*AIM OF THE TASK*. Starting with the line where "周小仙儿 Оригинальная классическая" appears, print every line through the end of the entries below exactly as it stands, and leave out the pictures.

*RECORDS PROVIDED*.
━━━━━━━━━━━━━━━━━━━━

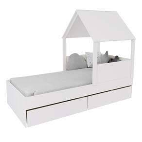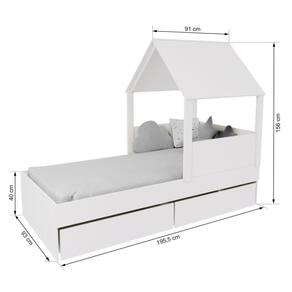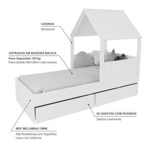 Diferenciais: MDF Melamina 15mm, Estrados em Madeira Maciça, 02 Gavetas com Rodízios, Casinha com Telhado.
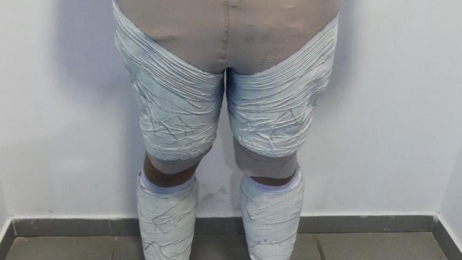 Un cop despullat, la policia va trobar-li vuit planxes embenades amb 2,3 quilos de cocaïna, en un exemple d’una tècnica de tràfic coneguda com a ‘mòmies de la droga’. L’home va ser posat a disposició dels jutjats del Prat de Llobregat per un delicte contra la salut pública.
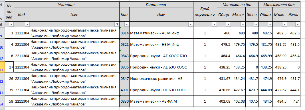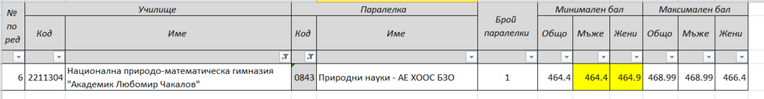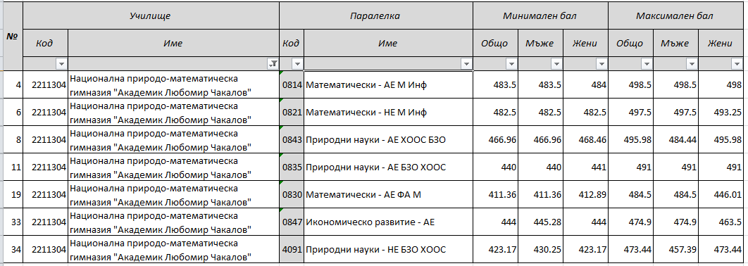 За да си проверите дали щеше да стигне, вижте изнесените статистики за Мин. Бал за паралелката, която сте искали
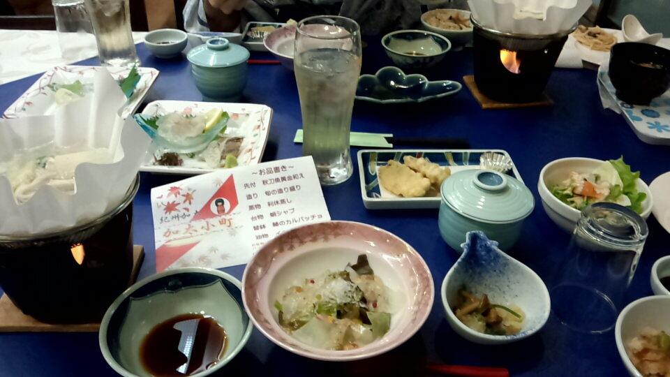 露天風呂にゆっくりつかって夕食。今回は下の子と二人で超のんびり旅。
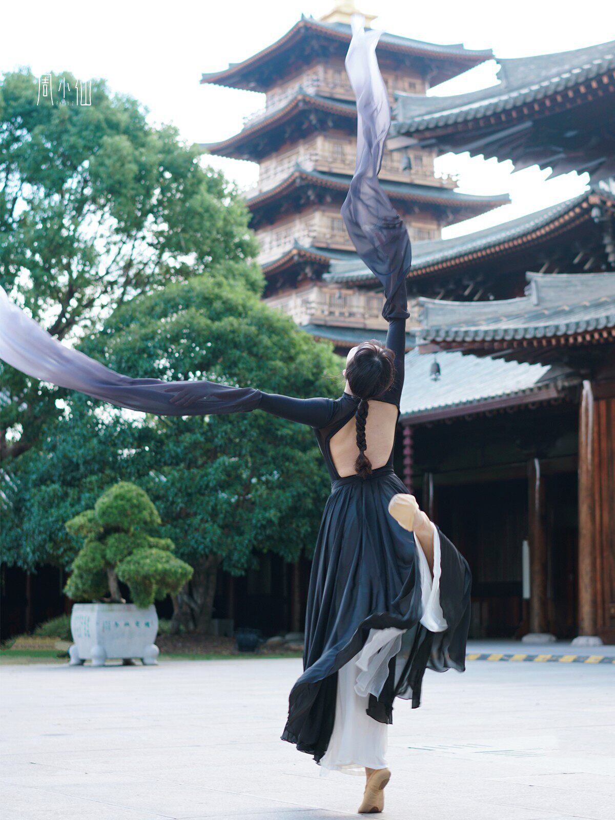 周小仙儿 Оригинальная классическая черная длинная юбка, комплект, градиент, широкая цветовая палитра
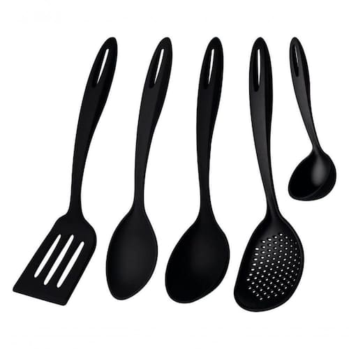 Utensílios de Nylon que permite uso em temperaturas de até 180 C. Os cabos possuem furo passante possibilitando que sejam pendurado na sua cozinha. Utensílios ideais para uso em panelas com revestimentos antiaderentes e cerâmicos, pois não danifica o produto. Podem ir à máquina de lavar louças facilitando seu dia a dia.
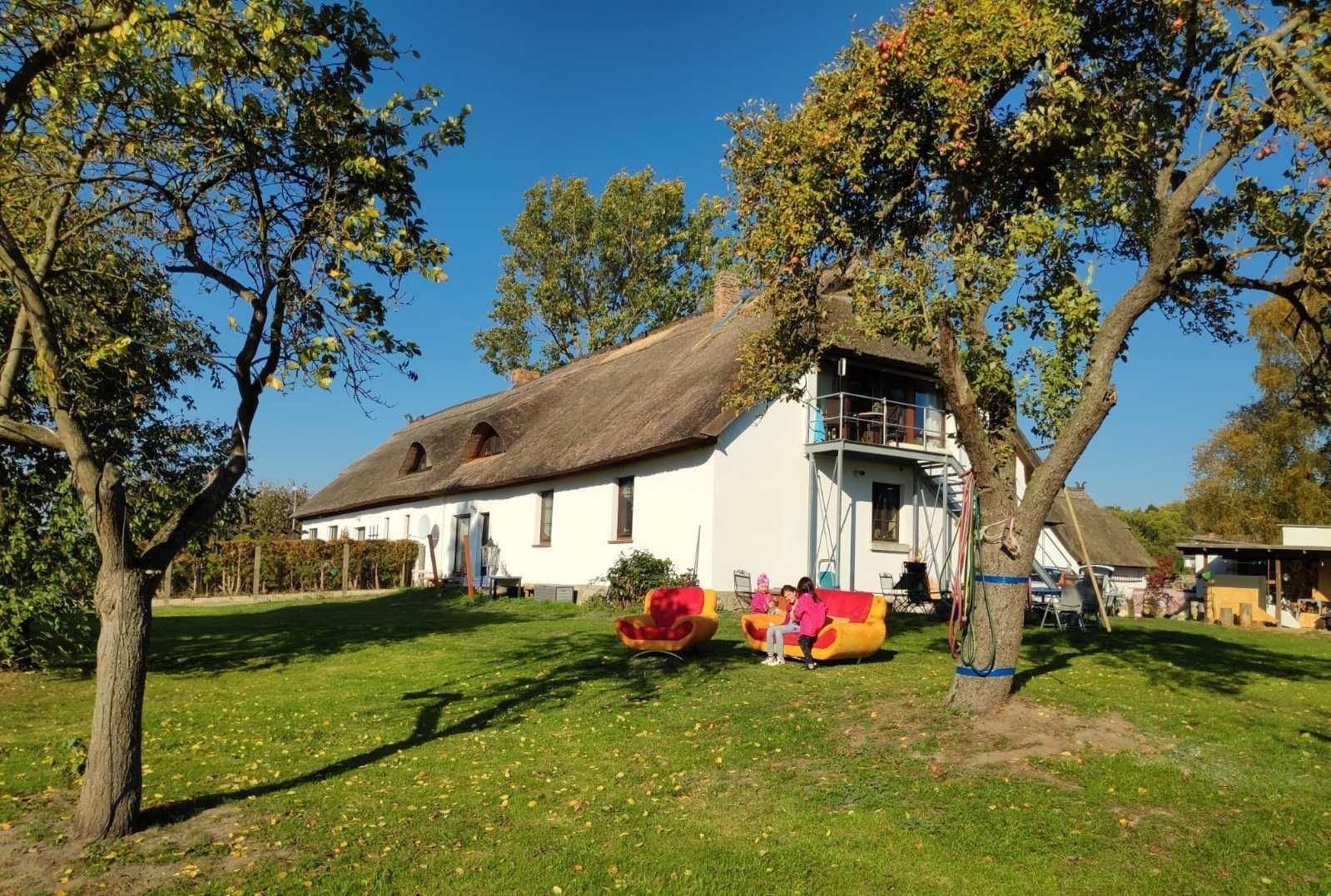 Unser familiefreundliches Reetdachhaus mit einer Wohnfläche von 140 m² steht auf einem zum Teil umzäunten Grundstück und endet an einem Bach. Es steht auf einem 5000 m² großen Grundstück mit großer Wiese und liegt in Waldnähe.

━━━━━━━━━━━━━━━━━━━━

*RESULT OF THIS EXERCISE*.
 周小仙儿 Оригинальная классическая черная длинная юбка, комплект, градиент, широкая цветовая палитра
 Utensílios de Nylon que permite uso em temperaturas de até 180 C. Os cabos possuem furo passante possibilitando que sejam pendurado na sua cozinha. Utensílios ideais para uso em panelas com revestimentos antiaderentes e cerâmicos, pois não danifica o produto. Podem ir à máquina de lavar louças facilitando seu dia a dia.
 Unser familiefreundliches Reetdachhaus mit einer Wohnfläche von 140 m² steht auf einem zum Teil umzäunten Grundstück und endet an einem Bach. Es steht auf einem 5000 m² großen Grundstück mit großer Wiese und liegt in Waldnähe.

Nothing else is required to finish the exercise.